=== Begin Enclosure ===
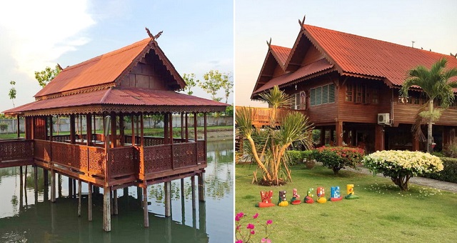 โครงสร้างของบ้านจะเป็นไม้ มีใต้ถุนสูงโปร่ง หลังคาบ้านเลือกใช้ทรงหน้าจั่วมุงด้วยกระเบื้องโทนสีแดง มีระเบียงโปร่งที่ชั้นสอง พร้อมด้วยซุ้มประตูทางเข้าแบบบ้านไทยโบราณ พื้นที่รอบๆ จัดสวนอย่างเป็นระเบียบ สีเขียวของต้นไม้ใบหญ้าตัดกับสีน้ำตาลของตัวบ้านได้อย่างกลมกลืน
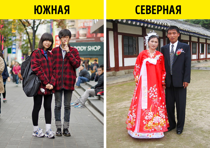 І в Північній, і в Південній Кореї хлопці і дівчата дуже залежні від думки батьків при виборі партнера. Але якщо у другій більшість вибирають пару самостійно, то в першій поняття «зустрічатися» немає взагалі, найчастіше одружуються по рекомендації батьків. Людини можуть одружити або видати заміж за того, кого він взагалі не знає.
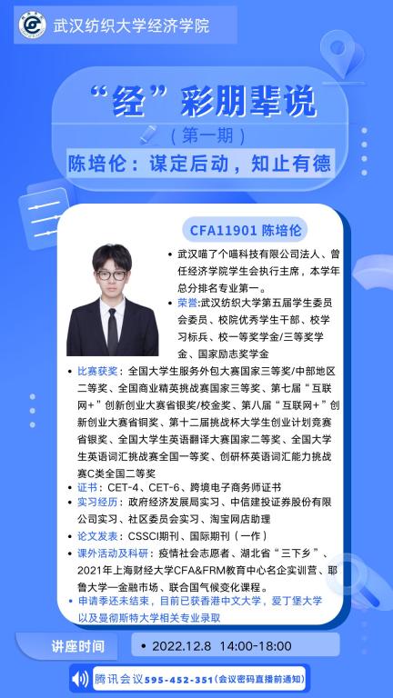 为发挥学生朋辈群体的先锋引领作用,营造良好院风、学风,12月8日下午,学院第一期“‘经’彩朋辈说”报告会通过线上腾讯会议平台进行。本次报告会特邀学院CFA11901班学生、喵了个喵武汉科技有限公司法人陈培伦主讲,学院各年级200余名本科生参加报告会。
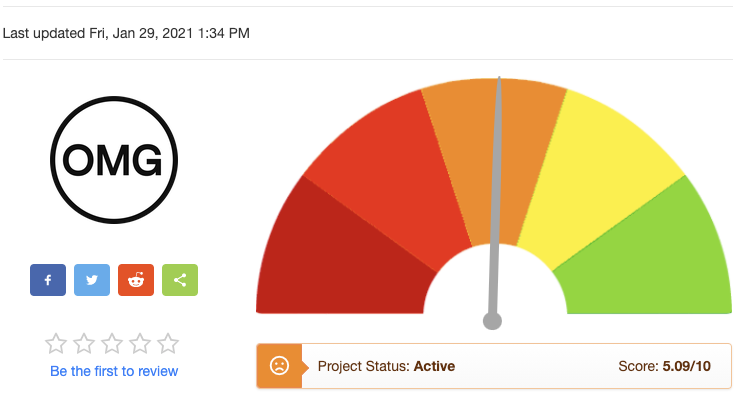 아래 스캠 판별 결과는 참고용으로만 봐주시면 좋을 것 같습니다. 기본적으로 코인 프로젝트에서 필수적으로 가져야할 요소들을 기준으로 스캠 판별을 해주는 사이트입니다. 오미세고 스캠 스코어는 5.09로 생각보다 점수가 낮은 것을 확인할 수 있습니다.
=== End Enclosure ===
*WHAT IS NEEDED*.
Omit the pictures and reproduce the remaining material above exactly.

*WRITTEN SOLUTION*.
 โครงสร้างของบ้านจะเป็นไม้ มีใต้ถุนสูงโปร่ง หลังคาบ้านเลือกใช้ทรงหน้าจั่วมุงด้วยกระเบื้องโทนสีแดง มีระเบียงโปร่งที่ชั้นสอง พร้อมด้วยซุ้มประตูทางเข้าแบบบ้านไทยโบราณ พื้นที่รอบๆ จัดสวนอย่างเป็นระเบียบ สีเขียวของต้นไม้ใบหญ้าตัดกับสีน้ำตาลของตัวบ้านได้อย่างกลมกลืน
 І в Північній, і в Південній Кореї хлопці і дівчата дуже залежні від думки батьків при виборі партнера. Але якщо у другій більшість вибирають пару самостійно, то в першій поняття «зустрічатися» немає взагалі, найчастіше одружуються по рекомендації батьків. Людини можуть одружити або видати заміж за того, кого він взагалі не знає.
 为发挥学生朋辈群体的先锋引领作用,营造良好院风、学风,12月8日下午,学院第一期“‘经’彩朋辈说”报告会通过线上腾讯会议平台进行。本次报告会特邀学院CFA11901班学生、喵了个喵武汉科技有限公司法人陈培伦主讲,学院各年级200余名本科生参加报告会。
 아래 스캠 판별 결과는 참고용으로만 봐주시면 좋을 것 같습니다. 기본적으로 코인 프로젝트에서 필수적으로 가져야할 요소들을 기준으로 스캠 판별을 해주는 사이트입니다. 오미세고 스캠 스코어는 5.09로 생각보다 점수가 낮은 것을 확인할 수 있습니다.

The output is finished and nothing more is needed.